■ **Problem details**: Beginning with the line containing "عاكسة: يتم نسج" and ending with the line containing "dogs LOVE them.", write out each line of the records below exactly; pictures and lines outside that range are left out.

=== Entries shown ===

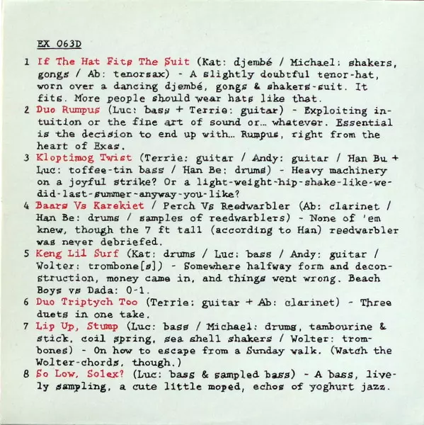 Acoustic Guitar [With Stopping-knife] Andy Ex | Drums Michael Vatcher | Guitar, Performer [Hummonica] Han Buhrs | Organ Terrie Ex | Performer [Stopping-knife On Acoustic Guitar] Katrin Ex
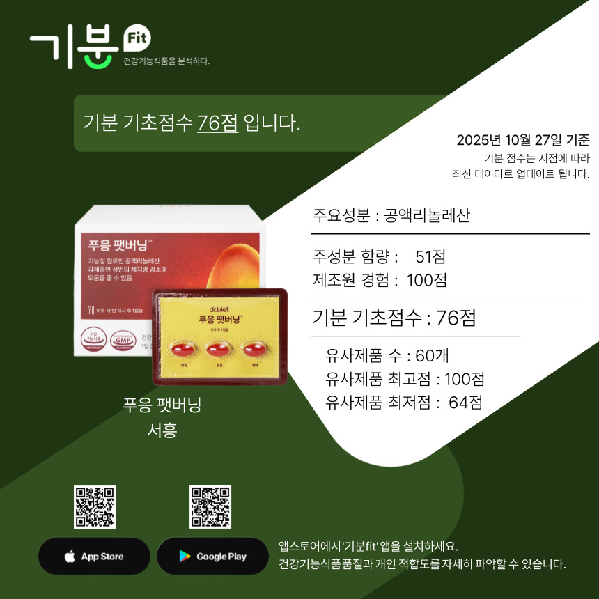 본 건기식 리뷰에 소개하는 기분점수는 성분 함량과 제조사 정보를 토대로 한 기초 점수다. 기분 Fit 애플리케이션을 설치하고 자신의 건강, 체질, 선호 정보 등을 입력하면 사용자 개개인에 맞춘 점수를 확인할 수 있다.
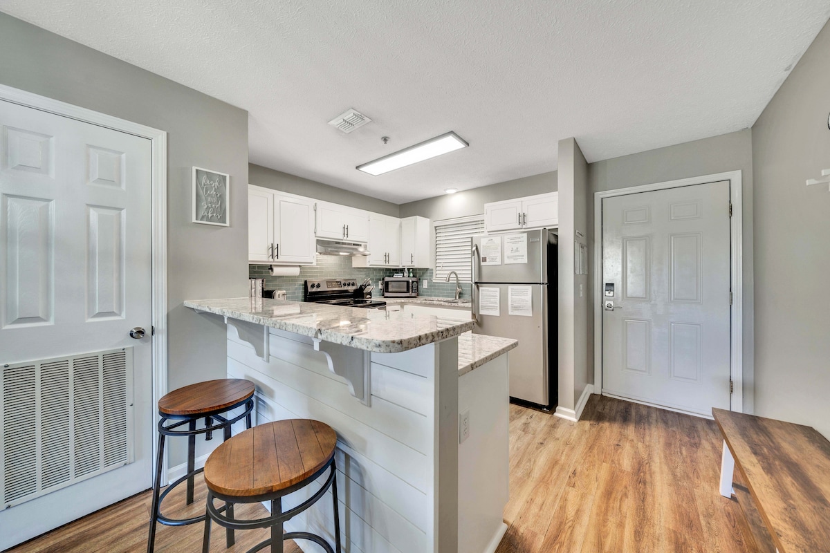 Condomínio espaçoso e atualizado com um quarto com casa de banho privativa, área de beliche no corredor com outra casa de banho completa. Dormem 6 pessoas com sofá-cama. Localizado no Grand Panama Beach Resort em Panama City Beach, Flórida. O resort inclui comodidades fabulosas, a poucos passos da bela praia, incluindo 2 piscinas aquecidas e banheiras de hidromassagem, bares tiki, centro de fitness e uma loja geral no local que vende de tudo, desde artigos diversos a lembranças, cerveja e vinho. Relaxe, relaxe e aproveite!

===
=== Entries shown ===

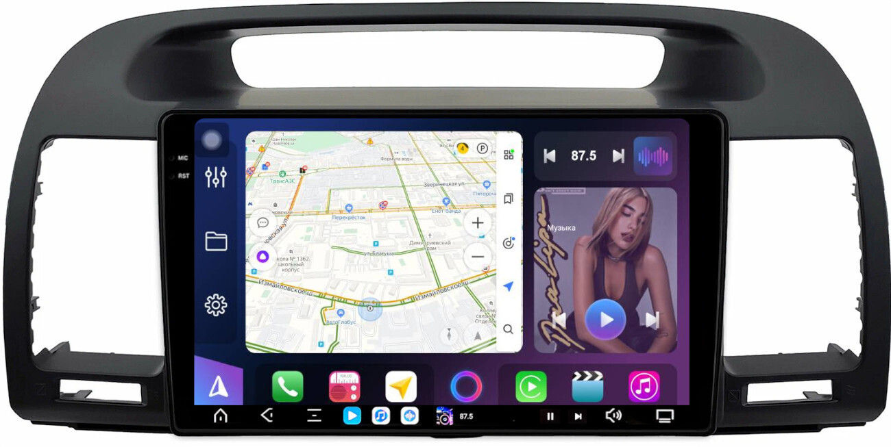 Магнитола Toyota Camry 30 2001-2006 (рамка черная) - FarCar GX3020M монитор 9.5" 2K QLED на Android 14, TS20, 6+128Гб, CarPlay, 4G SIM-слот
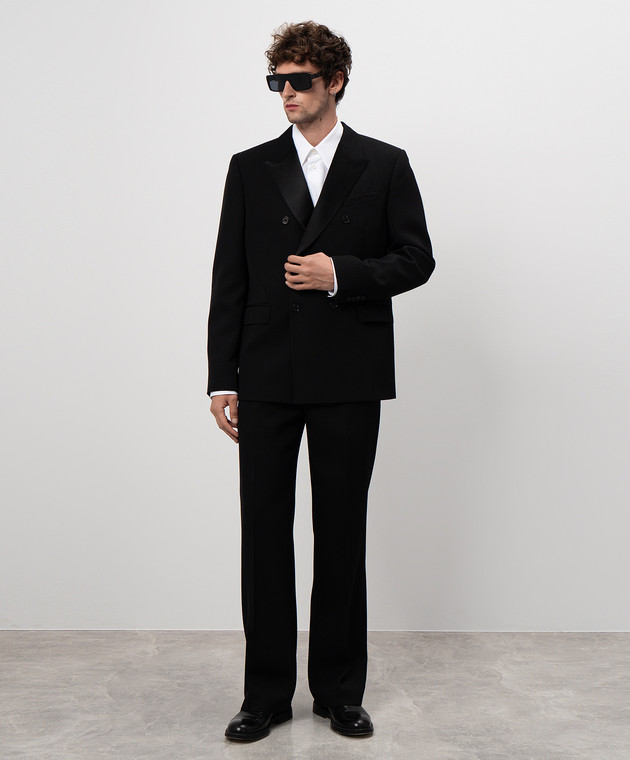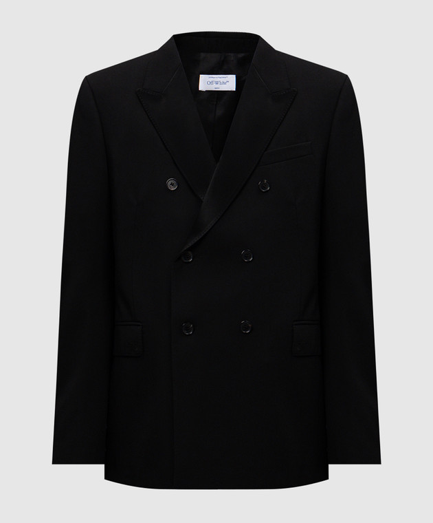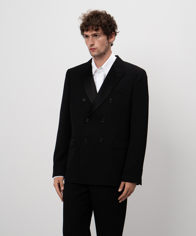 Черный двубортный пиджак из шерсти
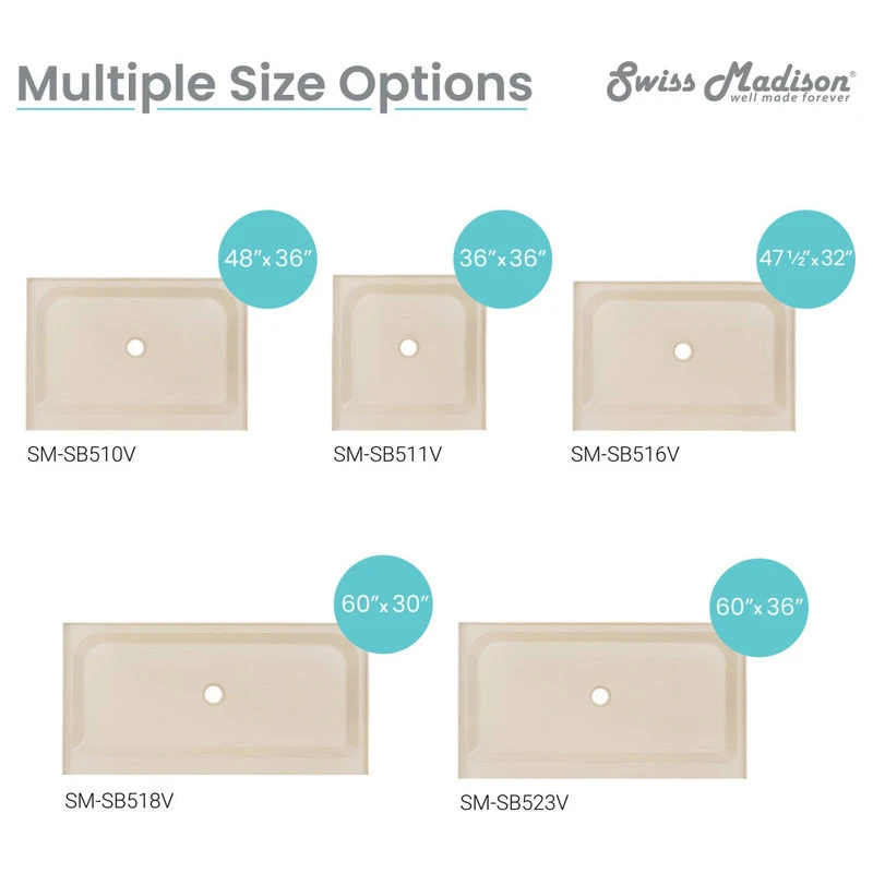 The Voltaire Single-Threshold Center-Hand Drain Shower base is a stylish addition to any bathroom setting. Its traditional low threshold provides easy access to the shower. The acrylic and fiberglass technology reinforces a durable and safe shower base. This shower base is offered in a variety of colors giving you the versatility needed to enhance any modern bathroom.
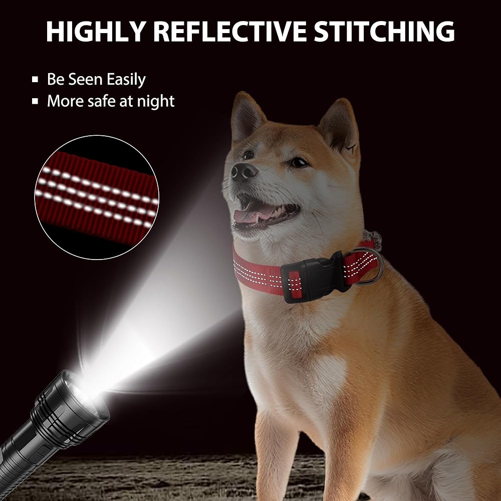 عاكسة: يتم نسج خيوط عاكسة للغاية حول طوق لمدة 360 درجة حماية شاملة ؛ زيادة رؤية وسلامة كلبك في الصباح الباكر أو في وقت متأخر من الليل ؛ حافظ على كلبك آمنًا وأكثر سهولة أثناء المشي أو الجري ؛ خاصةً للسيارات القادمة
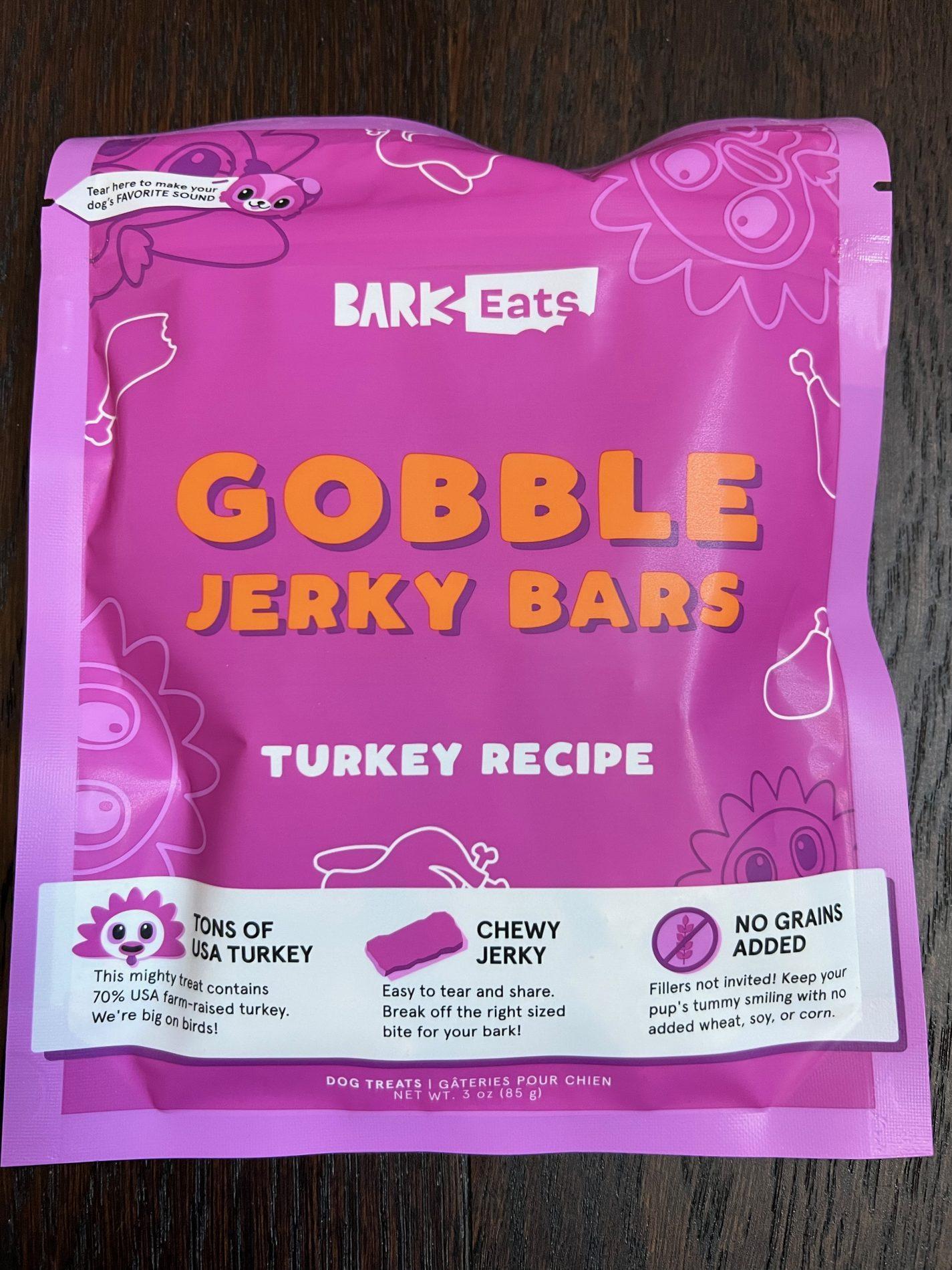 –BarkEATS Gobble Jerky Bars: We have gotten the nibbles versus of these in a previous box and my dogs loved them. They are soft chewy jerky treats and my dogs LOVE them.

===

■ **Answer space**:
 عاكسة: يتم نسج خيوط عاكسة للغاية حول طوق لمدة 360 درجة حماية شاملة ؛ زيادة رؤية وسلامة كلبك في الصباح الباكر أو في وقت متأخر من الليل ؛ حافظ على كلبك آمنًا وأكثر سهولة أثناء المشي أو الجري ؛ خاصةً للسيارات القادمة
 –BarkEATS Gobble Jerky Bars: We have gotten the nibbles versus of these in a previous box and my dogs loved them. They are soft chewy jerky treats and my dogs LOVE them.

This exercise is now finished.